Getting into the future will not be for the faint of heart or for those who are fearful of the new ideas that will solve the problems we, humans, have created on this earth. Think globally, Interact regionally, Act locally. Ask Questions! What do you mean? How do you know? What difference does it make? Education's Ecology cannot be planned as there can be no lasting organization; certainly nothing resembling our current system of schools. Natural ecosystems are never static; they change by succession and evolution across time in response to alterations in in their physical conditions and ebb and flow of populations within their communities. Education will evolve as its conditions and constituents change. Accordingly what emerges from thinking about Education Ecology is not expected to be a new enduring institution. Rather what endures is process. Above all Education's Ecology will shed the traditions and dogma attached to schools.
Redefining Learning and Education
Learning is an inherent part of life processes that adapt an organism for survival and is enabled by a will to live. Education may well be an extension of learning in this sense for the human organism. Yet it may be a rather grave human mistake to lump too many important matters under the term learning. "Learning" to recognize your mother's face as an infant and "learning" to walk and ride a bicycle are many orders of magnitude different from "learning" to solve a differential equation or to lead a corporation, institution or government. It may be past time to enlarge our vocabulary about these things we casually and unthinkingly call learning. If education is about "learning" it too is in need of rethinking and redefining. With that discovery we may never again see lifelong learning and adult education as just something that happens after our school, college and university experience is done. Education is never "done."
Schools and Social Imperatives
Schools are enigmatic for education ecology because they impose arbitrary order on someone's social imperatives and do so through what is essentially totalitarian means. Accordingly, meaning is circumscribed and inevitably incomplete.
Cultivating Ecophilia and Ecological Thinking
The ecophobic culture of the Global North and its drive to dominate has pushed our ecosystems, social systems, and climate out of balance. This behavior has had dire consequences, including extreme weather, supply chain issues, mass extinctions and tears in our social fabric.
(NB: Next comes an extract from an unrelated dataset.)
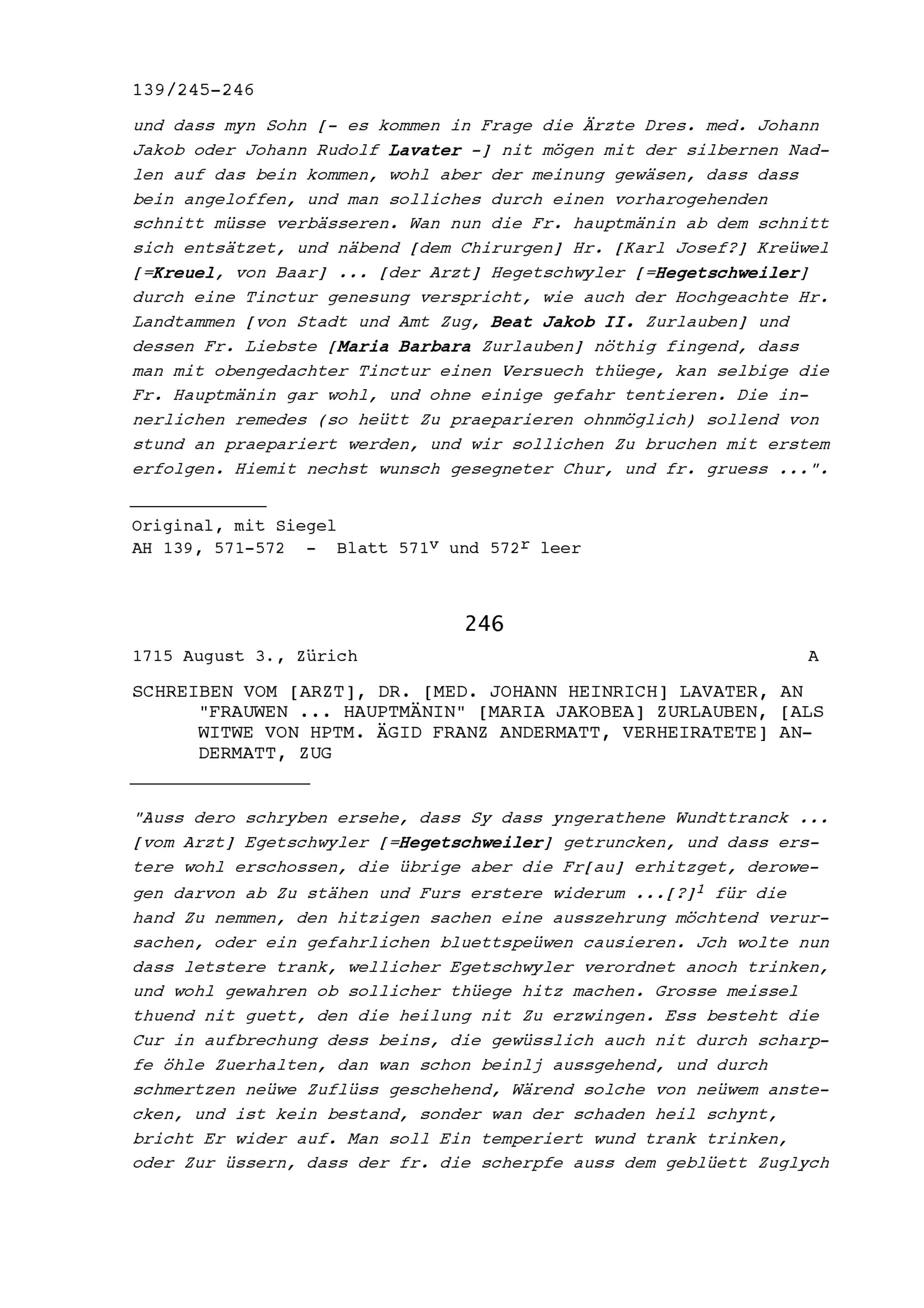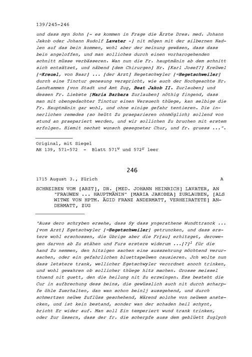 Schreiben von Johann Heinrich Lavater, Dr. med., an Maria Jakobea Zurlauben, Witwe von Ägid Franz Andermatt, Hauptmann, Zug

The best thing we can do to prepare our children for an uncertain future, emotionally and practically, is to help them develop ecophilia, a love of ecosystems, and to help them be ecological.
Being ecological includes:
- Being aware that we are interdependent with each other and our ecosystem.
- Understanding the science of how ecosystems continually regenerate themselves through a dance of interdependence.
- Being familiar with the contributors and relationships in one’s home ecosystem, including how humans can benefit from and contribute to our home ecosystem.
- Acting in accordance with our interdependence with each other, ecosystems in general, and our home ecosystem by forming caring relationships with ourselves, others, and mother Earth.
Nurturing Educational Learning Environments and Communities
Rather than teaching, consider what we do as nurturing educational learning environments and communities. If communities are a web of relationships, then relationships are threads in a web. Not surprisingly, my goal for this blog is to spin some threads between forest educators, defined by Ricardo Sierra, to include all of us that support learning in ecosystems.